Pattern 4: Pub-Sub (Event-Driven)

Shape

Agents don’t call each other directly. They publish events to topics, and any agent subscribed to that topic reacts. Loose coupling, no central coordinator.

When to use it

  • You have many agents with many-to-many relationships, and hard-coding the graph is brittle.
  • New agents need to be added or removed without rewiring existing agents.
  • You want durable event logs for replay, audit, or debugging.

Real-world example

A customer-support system: when a ticket arrives, a classifier publishes a ticket.classified event. A billing-agent, tech-support-agent, and escalation-agent each subscribe with filters. Only the relevant one reacts. Adding a new agent type = adding a new subscriber; no existing code changes.

pubsub_agents.py
# Redis Streams as the event backbone — works with any framework
import redis, json, asyncio

r = redis.asyncio.Redis()

async def publish(topic: str, event: dict):
    await r.xadd(topic, {"payload": json.dumps(event)})

async def subscribe(topic: str, group: str, consumer: str, handler):
    await r.xgroup_create(topic, group, id="0", mkstream=True)
    while True:
        msgs = await r.xreadgroup(group, consumer, {topic: ">"},
                                  count=10, block=5000)
        for _, entries in msgs or []:
            for msg_id, fields in entries:
                event = json.loads(fields[b"payload"])
                try:
                    await handler(event)
                    await r.xack(topic, group, msg_id)
                except Exception as e:
                    # Retry up to N times, then dead-letter
                    log_error(msg_id, e)

# Classifier agent publishes
async def classifier_agent(ticket):
    category = await llm_classify(ticket)
    await publish("ticket.classified",
                  {"ticket_id": ticket.id, "category": category})

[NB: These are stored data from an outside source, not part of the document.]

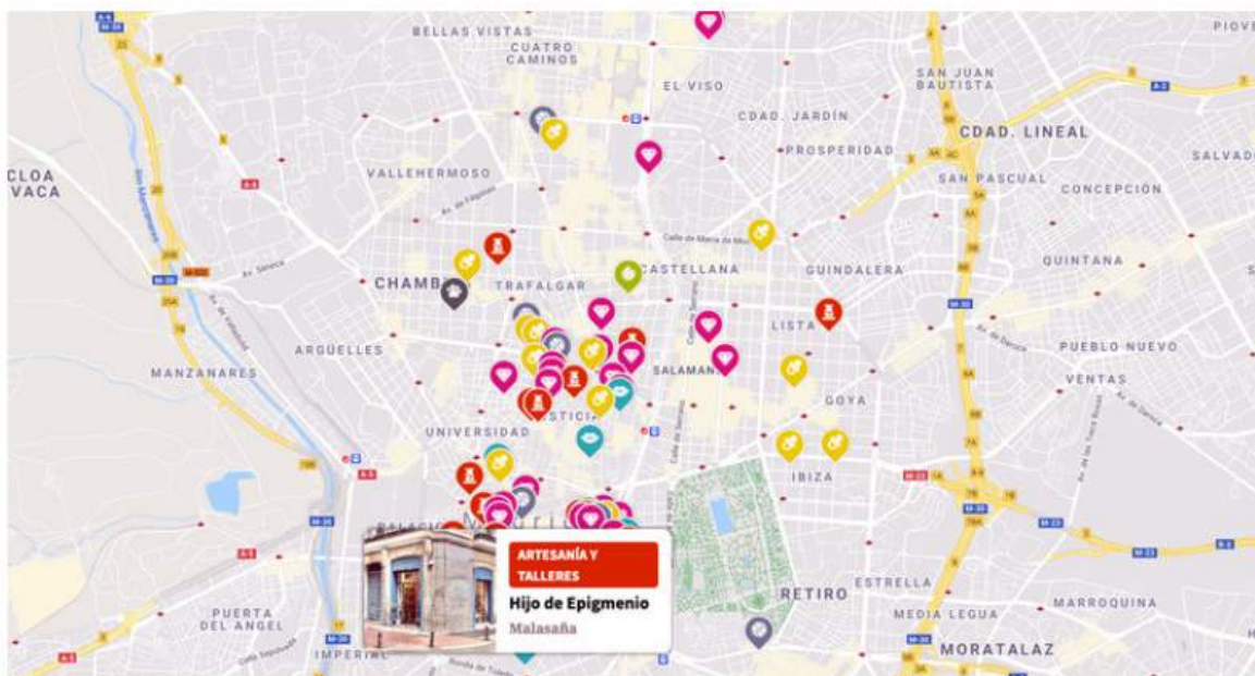
Seleccionas categoría, pulsas 'Buscar' y los comercios más curiosos de Madrid se despliegan ante ti

“Queríamos darle un toque humano y recopilar estas historias. A las dos nos encanta leer y es fascinante las historias que encierran, el esfuerzo que hay detrás, las vidas (porque la gente da giros de 180 grados). Nos encanta esa parte”. Y de ahí también el nombre, +QueUnLocal: “te permite conocer la ciudad mejor que un local y además demostrar que ese comercio es más que un local, más que un simple establecimiento”, cuentan.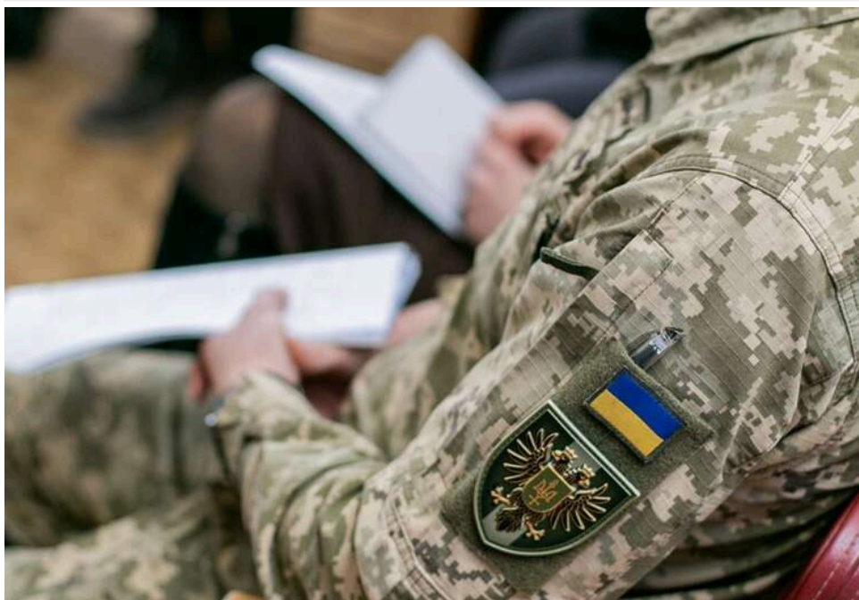
Зламали замок та зайшли без дозволу: на Хмельниччині заявляють про самовільне проникнення ТЦК до приватного будинку

ТЦК почали виламувати двері та вриватися до осель: на Хмельниччині заявляють про проникнення до будинку без господарів.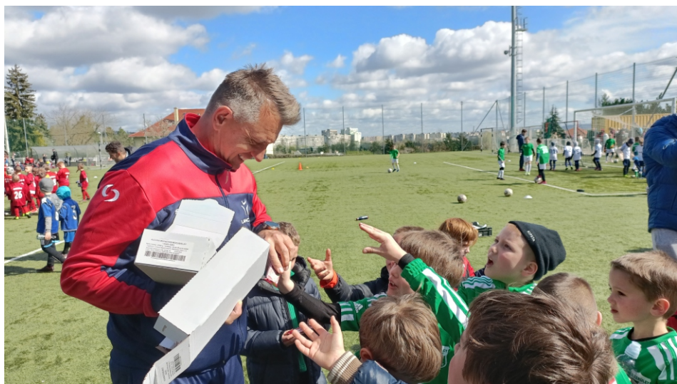
Extra meglepetés - Találkoztunk Mészöly Gézával.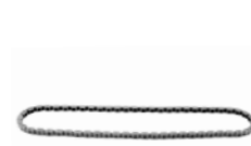
CHAINE DE DISTRIBUTION 2009-2018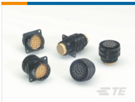
TE 产品编号ZPF00000000018602 FDBA 50-24-61 PW-K-A499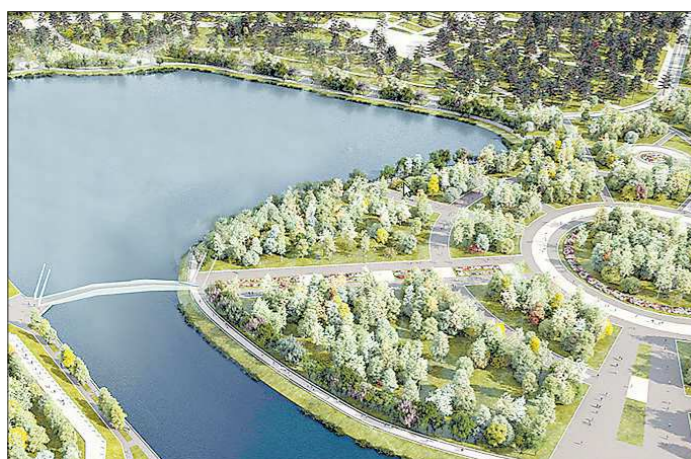
Урбанизированную набережную и «полуостров» ЦПКиО соединит мост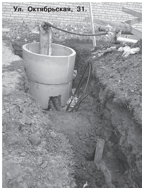
Ул. Октябрьская, 31.

Глава муниципального образования Игорь Клишин сказал: «Работники МУП «Прогресс» завершили капитальный ремонт нескольких участков теплотрассы в Тегульдете. Заменяли ветхие коммуникации на новые около жилого двухэтажного дома по улице Октябрьская, 33. До этого в рамках реализации муниципальной программы по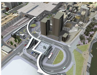
東岡崎駅前ペDESTリアンデッキ整備

# Billing agent subscribes — only acts on billing tickets
async def billing_handler(event):
    if event["category"] != "billing":
        return
    await llm_handle_billing(event["ticket_id"])

asyncio.gather(
    subscribe("ticket.classified", "billing-group", "billing-1", billing_handler),
    subscribe("ticket.classified", "tech-group", "tech-1", tech_handler),
    subscribe("ticket.classified", "esc-group", "esc-1", escalation_handler),
)

Failure modes

  • Event storms: one agent’s event triggers another’s, which triggers three more, which triggers twelve. Add a trace ID and cap event chain depth.
  • Observability collapse: without distributed tracing you cannot debug anything. Propagate a correlation ID through every event.
  • Eventual consistency: an agent may react to a stale event. Include a version in the event and have subscribers ignore versions older than their last processed state.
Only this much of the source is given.